Start of SUPPLIED INFORMATION

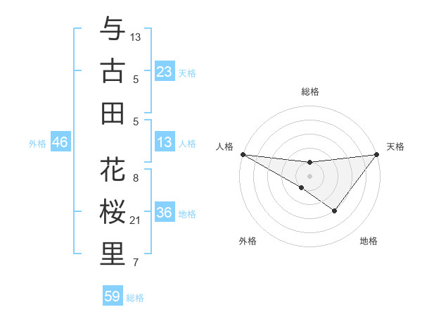 与古田 花桜里さんを姓名の画数から五運を鑑定
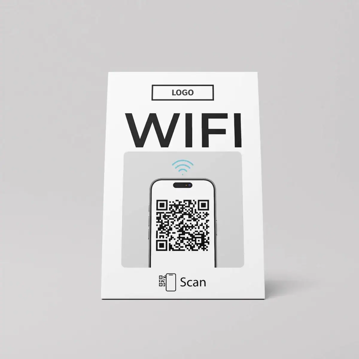 Supporto da tavolo “Clean” con WIFI Codice QR: design elegante, accesso Wi-Fi semplice
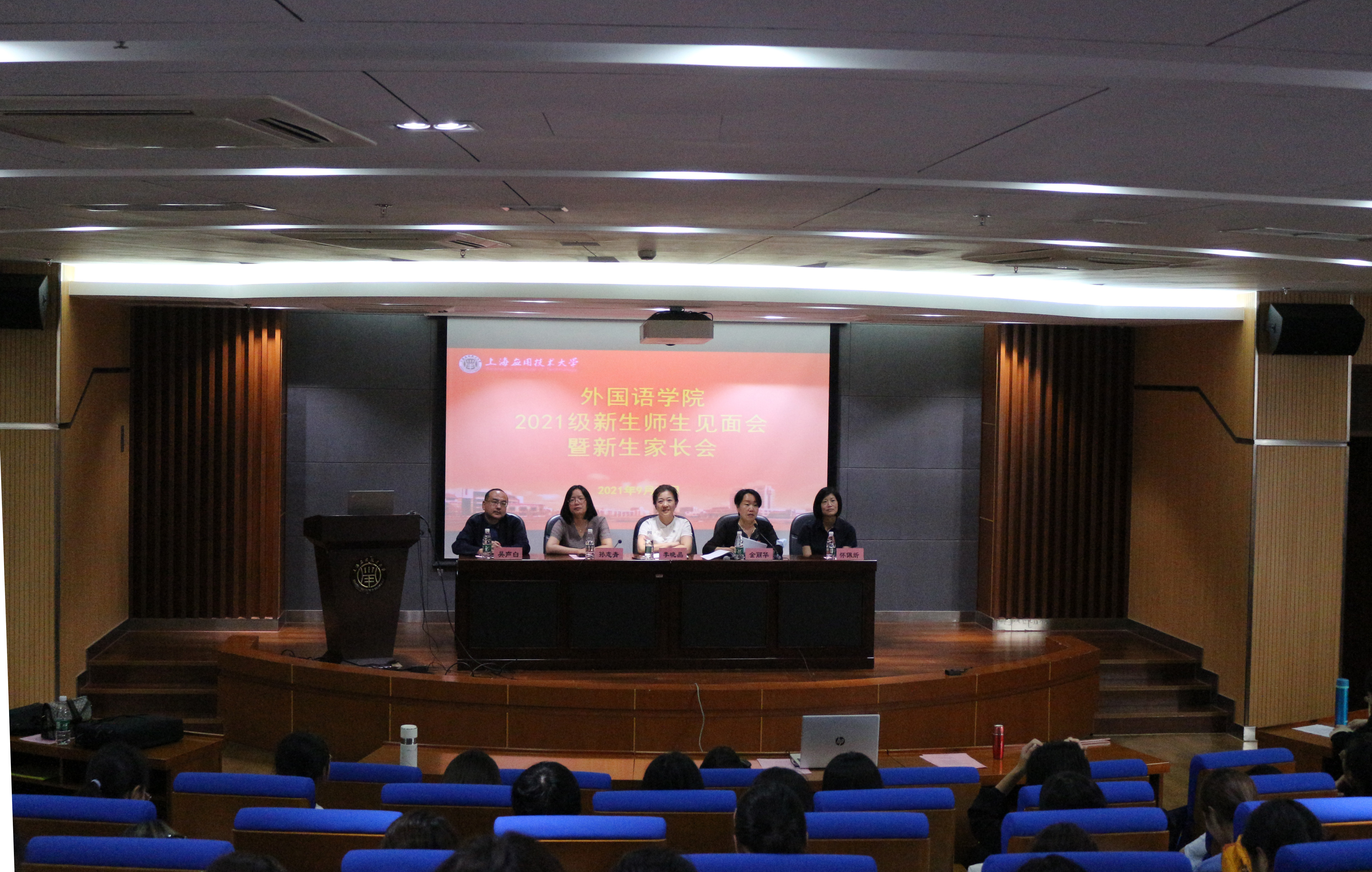 924日下午,外国语学院在奉贤校区第六学科楼B210报告厅采用“线上+线下”的形式召开了2021级新生师生见面会暨新生家长会。外国语学院党总支书记李晓晶,党总支副书记、副院长金丽华,副院长孙志青,应用英语系、应用德语系、翻译中心、实验中心全体教师,老生代表,2021级新生及全体家长参加会议。

End of SUPPLIED INFORMATION

### WORK TO BE COMPLETED
Return the full listing exactly as written, without any of its images.

### WRITTEN ANSWER
 与古田 花桜里さんを姓名の画数から五運を鑑定
 Supporto da tavolo “Clean” con WIFI Codice QR: design elegante, accesso Wi-Fi semplice
 924日下午,外国语学院在奉贤校区第六学科楼B210报告厅采用“线上+线下”的形式召开了2021级新生师生见面会暨新生家长会。外国语学院党总支书记李晓晶,党总支副书记、副院长金丽华,副院长孙志青,应用英语系、应用德语系、翻译中心、实验中心全体教师,老生代表,2021级新生及全体家长参加会议。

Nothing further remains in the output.